Still outnumbered nine to one, caution overtook some of the German officers. Through a series of errors by the buglers and misunderstandings by an officer to disengage and consolidate, the Askari withdrew to a camp several miles west of Tanga. As soon as Lettow-Vorbeck learned of this, he countermanded the move and ordered a redeployment that was not completed until early morning. "For nearly all of the night [before sunrise 5 November], Tanga was Aitken's for the taking. It was the most stupendous irony of the battle."

==Aftermath==
Furious and frustrated, Aitken ordered a general withdrawal. In their retreat and evacuation back to the transports that lasted well into the night, the attacking troops left behind nearly all their equipment. "Lettow-Vorbeck was able to re-arm three Askari companies with modern rifles, for which he now had 600,000 rounds of ammunition. He also had sixteen more machine guns, valuable field telephones" and enough clothing to last the Schutztruppe for a year. On the morning of 5 November, Force B's intelligence officer—Captain Richard Meinertzhagen—entered Tanga under a white flag, bringing medical supplies and carrying a letter from General Aitken apologizing for shelling the hospital. The streets of Tanga were strewn with dead and wounded. German doctors and their African orderlies worked tirelessly and "with a fine disregard for their patients' uniforms."

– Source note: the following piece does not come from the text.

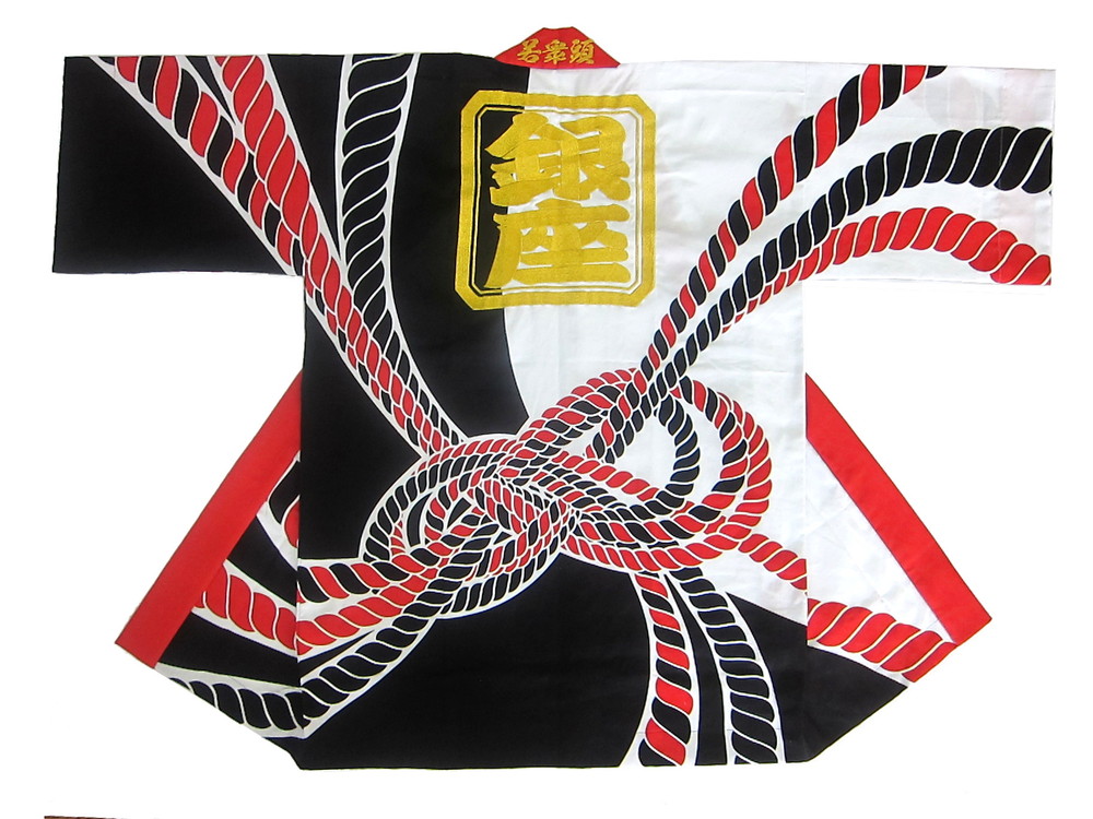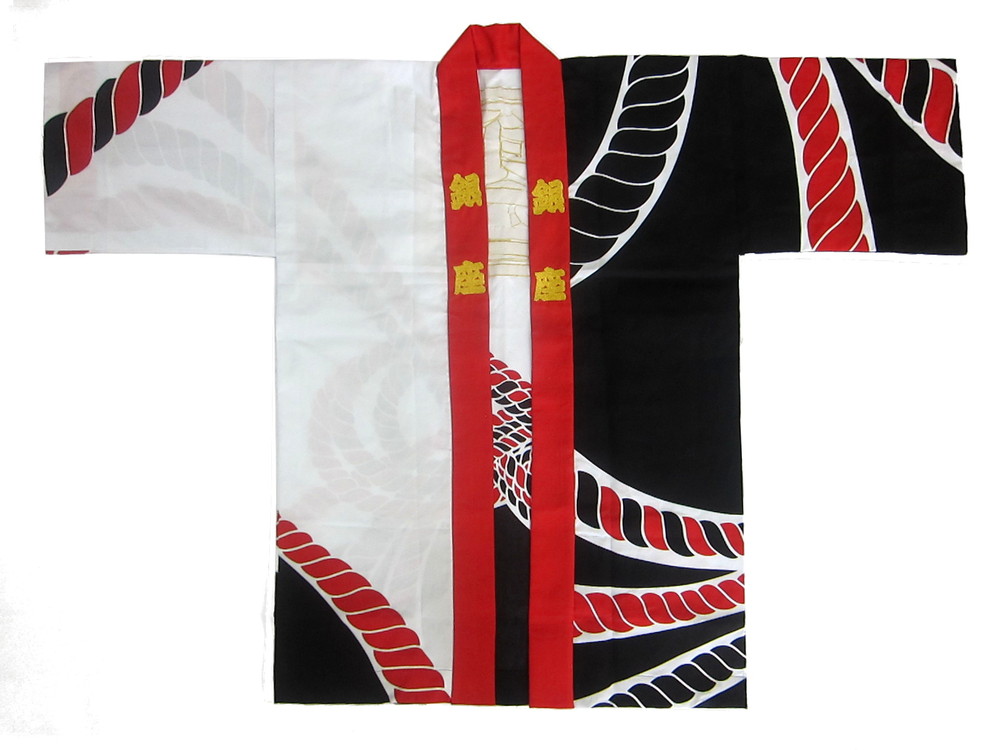 生地に顔料で染め抜いた法被に文字は全て金刺繍で作成いたしました。

The successful defence of Tanga was the first of many achievements of Lettow-Vorbeck during his long campaign in East Africa. For the British, however, the battle was nothing short of a disaster, and was recorded in the British Official History of the War as "one of the most notable failures in British military history." Casualties included 360 killed and 487 wounded on the British side; the Schutztruppe lost 16 Germans and 55 Askaris killed, and 76 total wounded.

Paul von Lettow-Vorbeck initially estimated the number of British killed at 800 but later said that he believed the number was more likely over 2,000. The Germans subsequently released the British officers who had been wounded or captured after they gave their word not to fight again during the war.